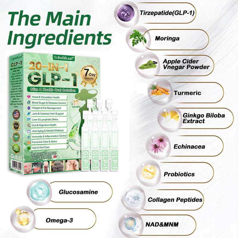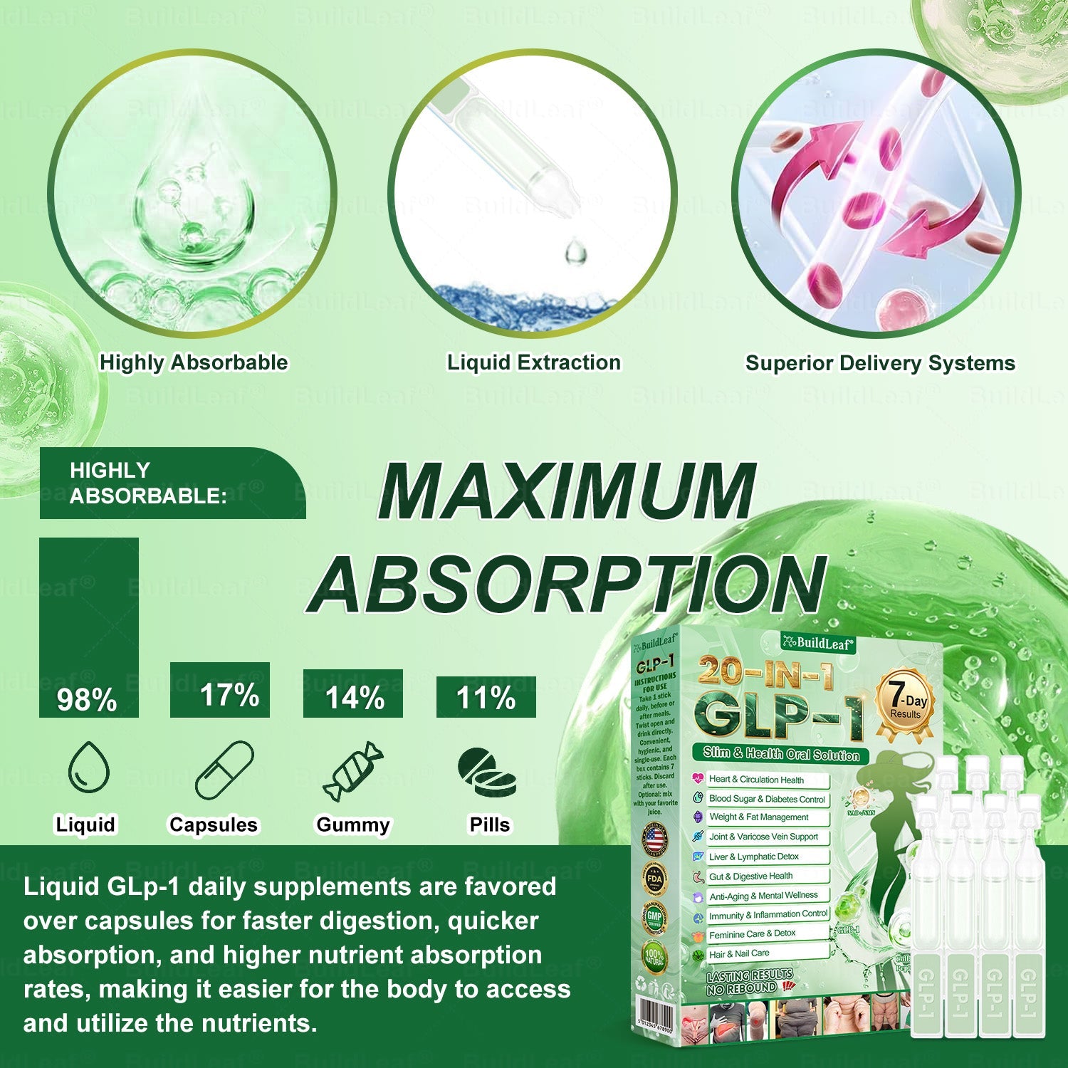 Clinically tested by endocrinologist, 𝘽𝙪𝙞𝙡𝙙𝙇𝙚𝙖𝙛® 𝗚𝗟𝗣-𝟭 𝟐𝟎-𝗶𝗻-𝟭 𝗦𝗹𝗶𝗺 & 𝑯𝒆𝒂𝒍𝒕𝒉 𝑶𝒓𝒂𝒍 𝑺𝒐𝒍𝒖𝒕𝒊𝒐𝒏 activation can significantly improve obesity and other health issues within just 7 days.
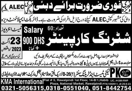 Shuttering Carpenter Jobs In Dubai 2023 announce the Contract career opportunities for the post of See Below Ad in Dubai for the fresh and experienced candidates on Contract basis who have Check Advertisement degree. Posted date of this post is 19/08/2023 and the last date is 23/08/2023. if you are eligible for this job apply before due date.
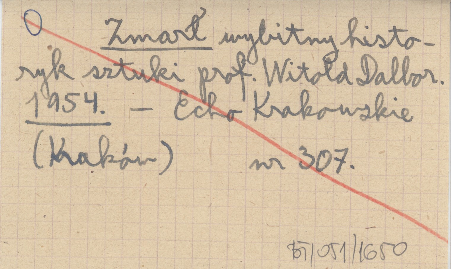 Zmarł wybitny historyk sztuki prof. Witold Dalbor. 1954
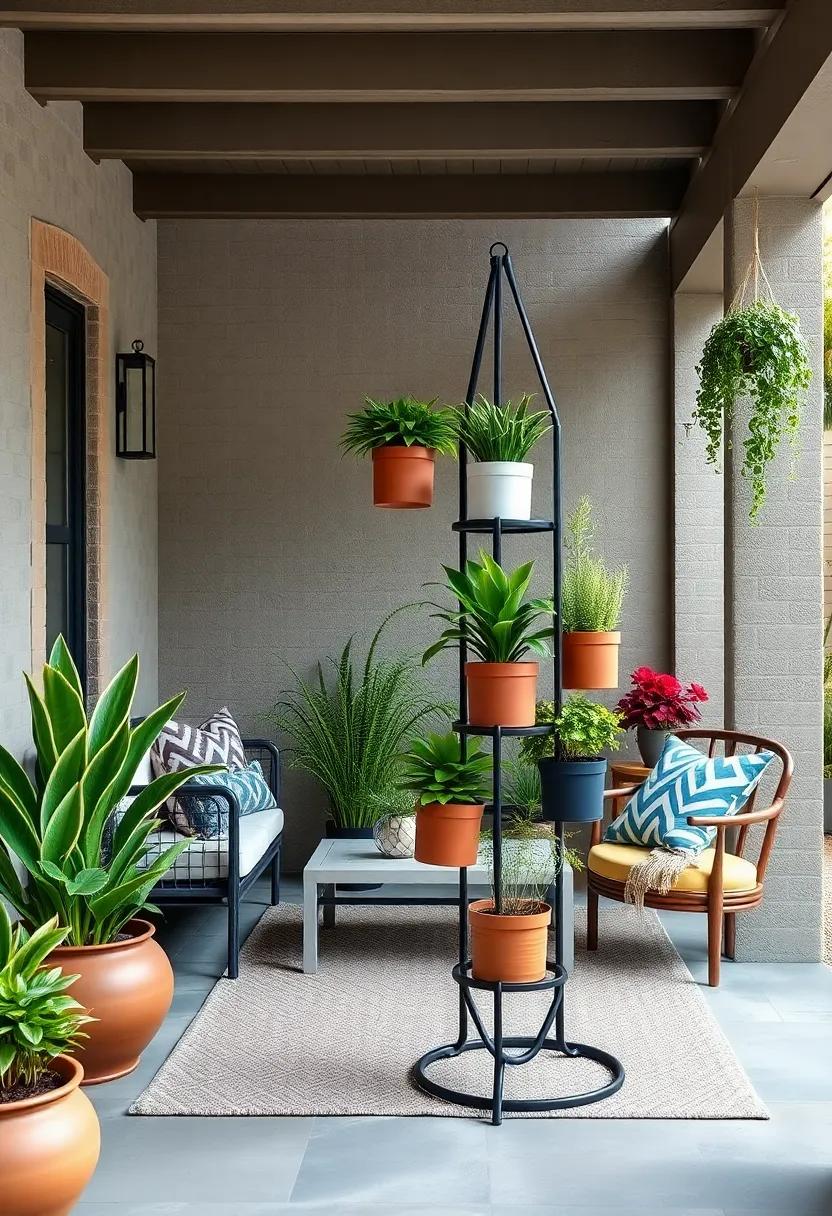 Elevate your small patio’s charm by incorporating a tiered plant stand that allows you to showcase an array of planters at varying heights. This design not only enhances the visual appeal of your space but also creates depth and dimension. You can choose a multi-level rack made from materials like wood, metal, or even repurposed items to fit your style. Place lush greenery on the top tier for a dramatic effect, while trailing plants can hang down on lower levels, creating a stunning cascade of foliage that invites the eye to wander.
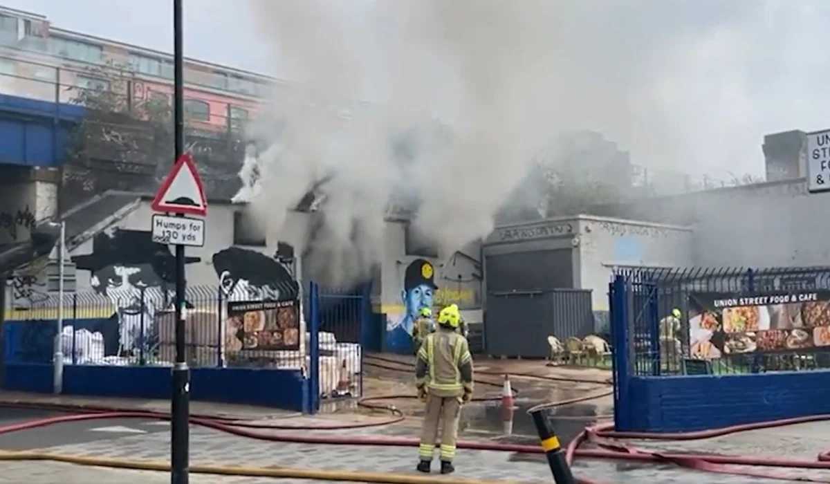 Εικόνες που αναρτήθηκαν από την πυροσβεστική στο Twitter δείχνουν καπνό να βγαίνει από τον δρόμο που περνάει κάτω από την σιδηροδρομική γέφυρα, στον οποίο υπάρχουν κάποια οχήματα και έχει τυλιχθεί στις φλόγες. Οι σιδηροδρομικοί σταθμοί Σάουθγουορκ και Λόντον Μπριτζ έκλεισαν.
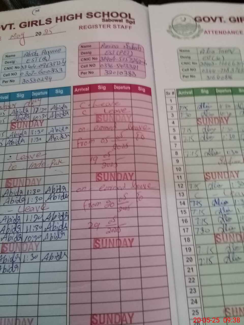 | CNIC | Full Name | Designation | R/C | Absence During Last Calender Month |
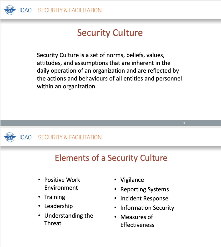 For ICAO, the promotion of a positive security culture is a priority. Indeed, a strong security culture in aviation complements any and all aviation security training that we, or any other organization, deliver, and improves the effectiveness of the measures implemented. Unless all staff within an organization are dedicated to ensuring the highest level of security and are fully aware of existing and potential threats to civil aviation, the efficacy of these measures will be greatly impacted. For this reason, all of ICAO’s aviation security training includes security culture best practices.
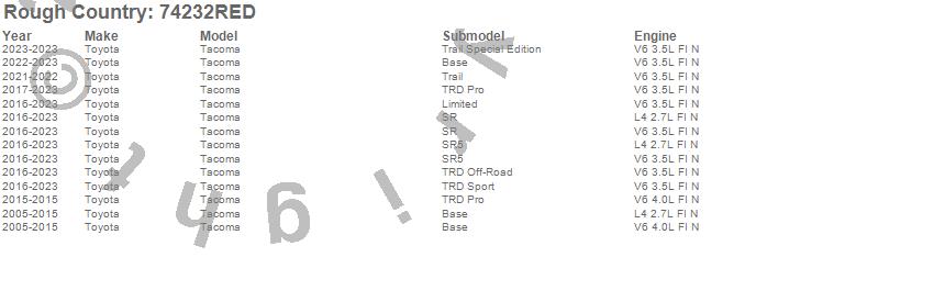 Brand: Rough CountryPart Number: 74232REDLift Kit-Suspension w/Shock Type: 3.5 in. Lift - Red Upper Control Arms - N3 Struts - w/N3 Rear ShocksUPC: 840269940668
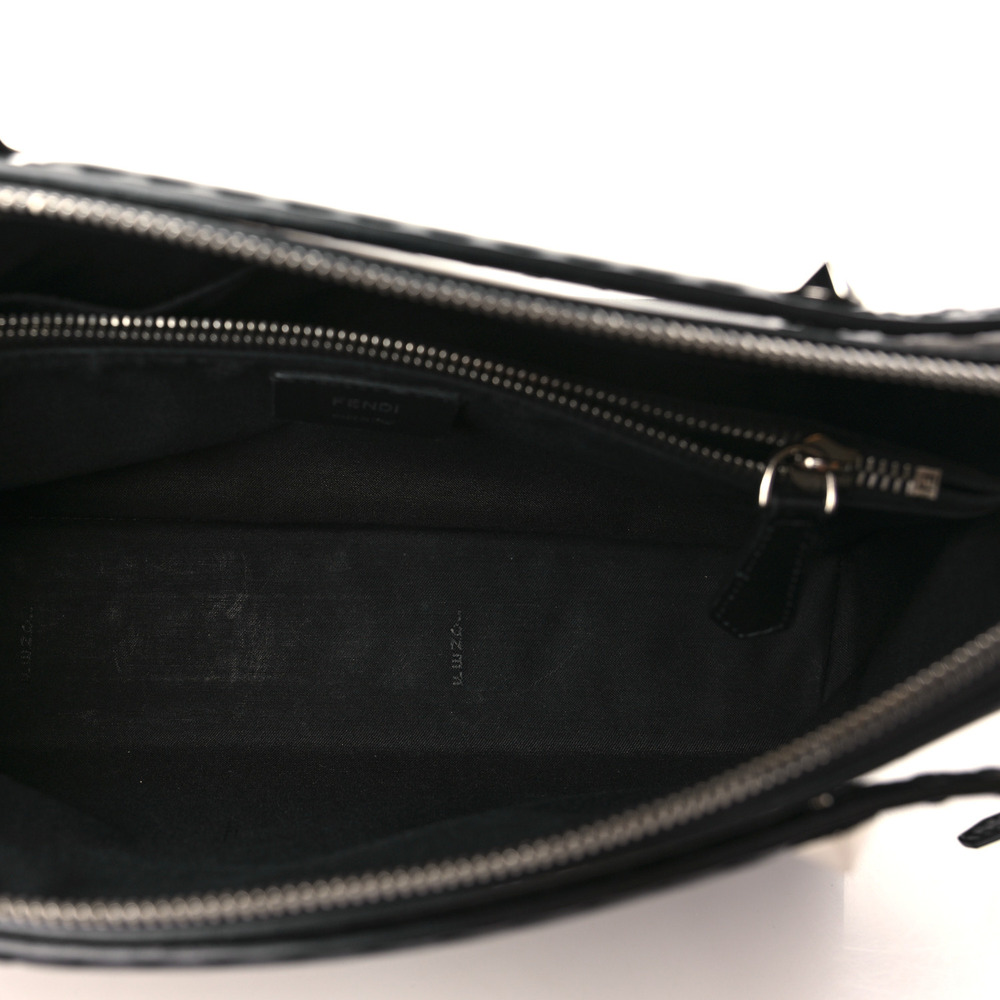 This chic satchel is finely crafted of grained calfskin leather in off white. The shoulder bag features leather strap top handles with large pointed cone polished silver studs and a cross-body shoulder strap with adjustable silver clasps. There is an over-extending top zipper to a partitioned dark brown fabric interior with a patch pocket and zipper compartment.
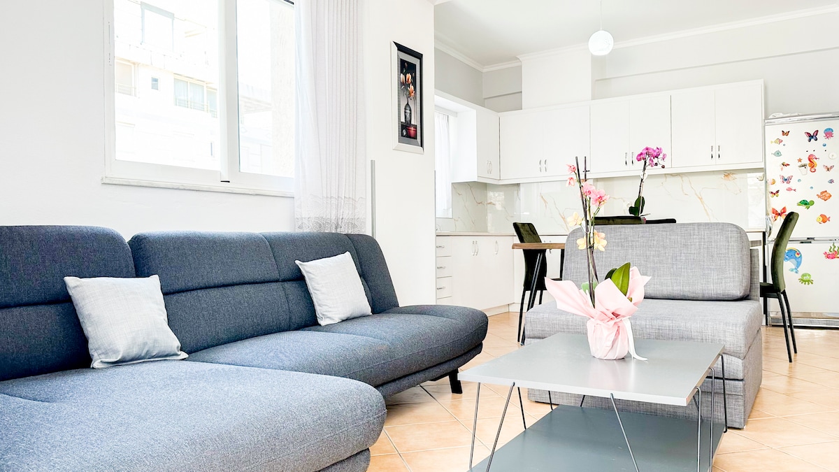 A lovely, newly renovated apartment with a capacity up to 3 people located near the portside of the beautiful Saranda. The apartment provides easy access to the city center- a 5 minute walk, a distance of 20m from some of the city's well-known beaches and also nearby ATMs, tourist information offices and public transport to some must-be destinations while visiting Saranda, such as Ksamil or the Archeological Park of Butrint.
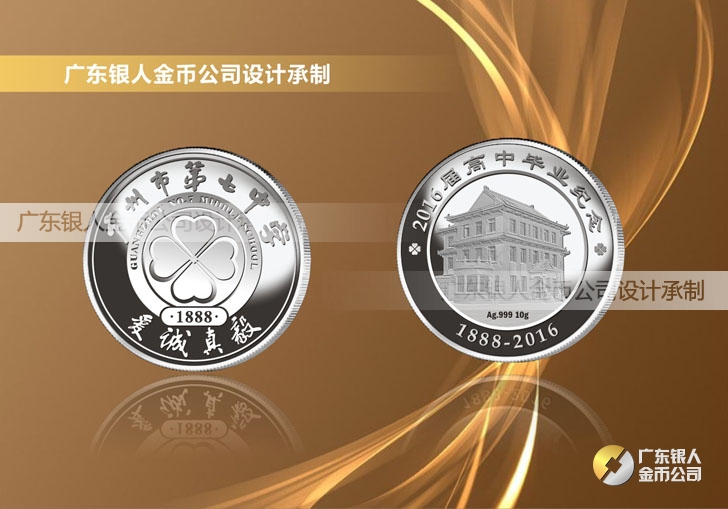 2016年4月定制 廣州市第七中學校慶128周年純銀紀念章定制
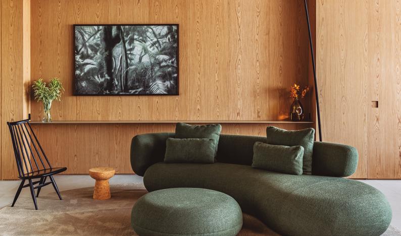 O sofá modular EOS da Artefacto, em verde musgo, traz frescor e personalidade ao estar secundário. O painel contínuo em madeira natural cria um pano de fundo sereno, valorizado pela fotografia botânica em preto e branco que reforça o diálogo entre design e expressão artística

Work order: Would you please reproduce the entries above, starting at the line with "Εικόνες που αναρτήθηκαν" and stopping after the line with "Brand: Rough CountryPart"? Omit any pictures.

Answer box:
 Εικόνες που αναρτήθηκαν από την πυροσβεστική στο Twitter δείχνουν καπνό να βγαίνει από τον δρόμο που περνάει κάτω από την σιδηροδρομική γέφυρα, στον οποίο υπάρχουν κάποια οχήματα και έχει τυλιχθεί στις φλόγες. Οι σιδηροδρομικοί σταθμοί Σάουθγουορκ και Λόντον Μπριτζ έκλεισαν.
 | CNIC | Full Name | Designation | R/C | Absence During Last Calender Month |
 For ICAO, the promotion of a positive security culture is a priority. Indeed, a strong security culture in aviation complements any and all aviation security training that we, or any other organization, deliver, and improves the effectiveness of the measures implemented. Unless all staff within an organization are dedicated to ensuring the highest level of security and are fully aware of existing and potential threats to civil aviation, the efficacy of these measures will be greatly impacted. For this reason, all of ICAO’s aviation security training includes security culture best practices.
 Brand: Rough CountryPart Number: 74232REDLift Kit-Suspension w/Shock Type: 3.5 in. Lift - Red Upper Control Arms - N3 Struts - w/N3 Rear ShocksUPC: 840269940668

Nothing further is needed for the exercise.